To stay rich, stay open to risk
That was the vibe I got reading Chrystia Freeland's opinion piece in the New York Times this weekend about the paradox facing the world's wealthiest folks, which posits that when the wealthy circle the socioeconomic wagons on access to that money, the money moves elsewhere -- thus dooming the wealthy over the long term.
Simply, you lose human and actual capital when you stymie upward mobility. No one wants to come to your party if the chance to get in is close to nil.

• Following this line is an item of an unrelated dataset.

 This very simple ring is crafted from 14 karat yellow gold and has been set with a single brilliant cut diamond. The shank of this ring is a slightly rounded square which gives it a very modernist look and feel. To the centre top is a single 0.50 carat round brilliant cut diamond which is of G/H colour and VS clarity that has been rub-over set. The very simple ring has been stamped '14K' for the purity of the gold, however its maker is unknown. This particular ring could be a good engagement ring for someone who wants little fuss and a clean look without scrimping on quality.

The Reuters veteran writes:
Historically, the United States has enjoyed higher social mobility than Europe, and both left and right have identified this economic openness as an essential source of the nation’s economic vigor. But several recent studies have shown that in America today it is harder to escape the social class of your birth than it is in Europe. The Canadian economist Miles Corak has found that as income inequality increases, social mobility falls — a phenomenon Alan B. Krueger, the chairman of the White House Council of Economic Advisers, has called the Great Gatsby Curve.
Freeland hooks her op/ed into the current Romney-Obama U.S. election season news cycle, but the point will stand long after those votes are counted: if you're on top and want to stay there for generations, you need to place your bets on your business savvy and not tug the regulatory strings you may now have better access to. Doing so is your own demise.

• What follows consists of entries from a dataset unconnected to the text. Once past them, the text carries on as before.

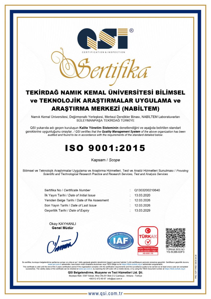 Tekirdağ Namık Kemal Üniversitesi Merkez Laboratuvarı NABİLTEM’in ISO 9001:2015 belgesi yenilendi.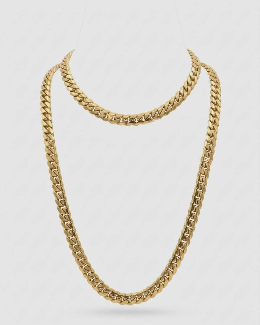 Adaugă o notă de rafinament ținutelor tale cu acest set de două lanțuri tip Cuban Link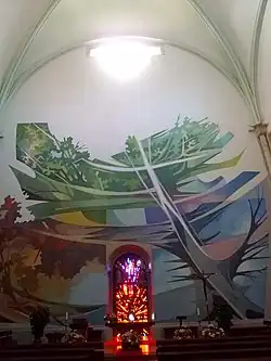 - Mosaic of the High Altar (inaugurated in 1996): this work is intended to cover the big wall that closes the central nave and that serves as background to the high altar and is a work of the lay missionary Peli Romarategui that was designed by the priest José María Muñoz.[11][10] It occupies 170 m2 and has more than 850,000 pieces that were made in the sanctuary itself. Its construction took more than two years.[12][13] It represents an allegory of the cross turned into a tree that goes through the four seasons of the year. It is the course of man through his four times and the flowering of life represented by the Resurrected Jesus.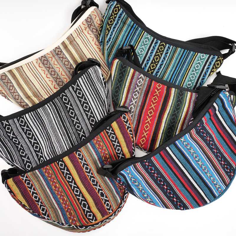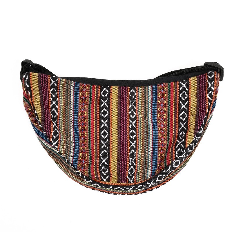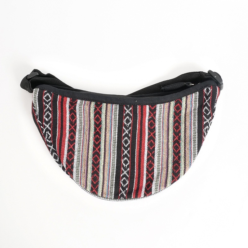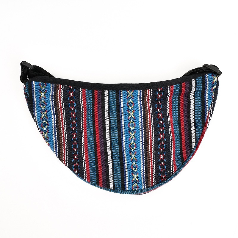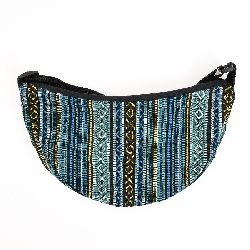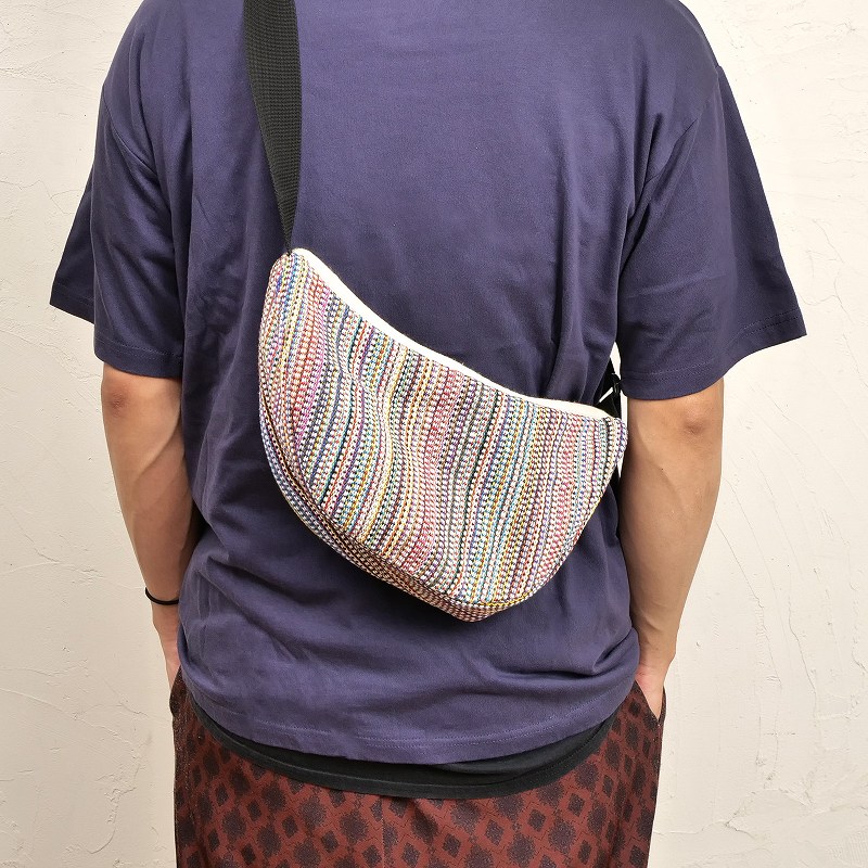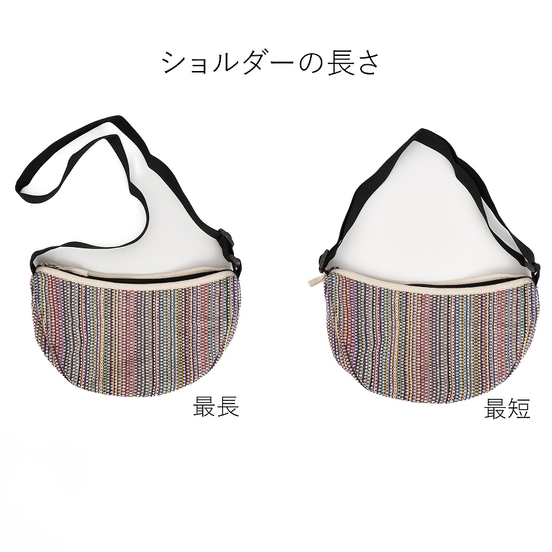 エスニック定番ゲレ生地の半月型ショルダーバッグ。ショルダー部分の長さは調整可能なので、肩掛けや斜め掛けなどいろんなスタイルが楽しめます。普段のお出かけ以外にも旅行のサブバッグとして、様々な場面で活躍しそう。500mlのペットボトルも入るサイズ。内ポケットが贅沢に2つ付いているのも嬉しいポイント。

Freeland's opening anecdote recounts a powerful and wealthy Venice that self-destructed after it favored self-interest. I can't help but think of examples of the opposite today: London, New York and other global cities that have managed to stay relevant by promising (and delivering) upward mobility, even as China and others threaten that lead.
In the U.S., there's a big debate over whether economies are best managed by "trickle-down" or "bubble up" approaches. As the global stage shifts to the East, one can only wonder how it will cope.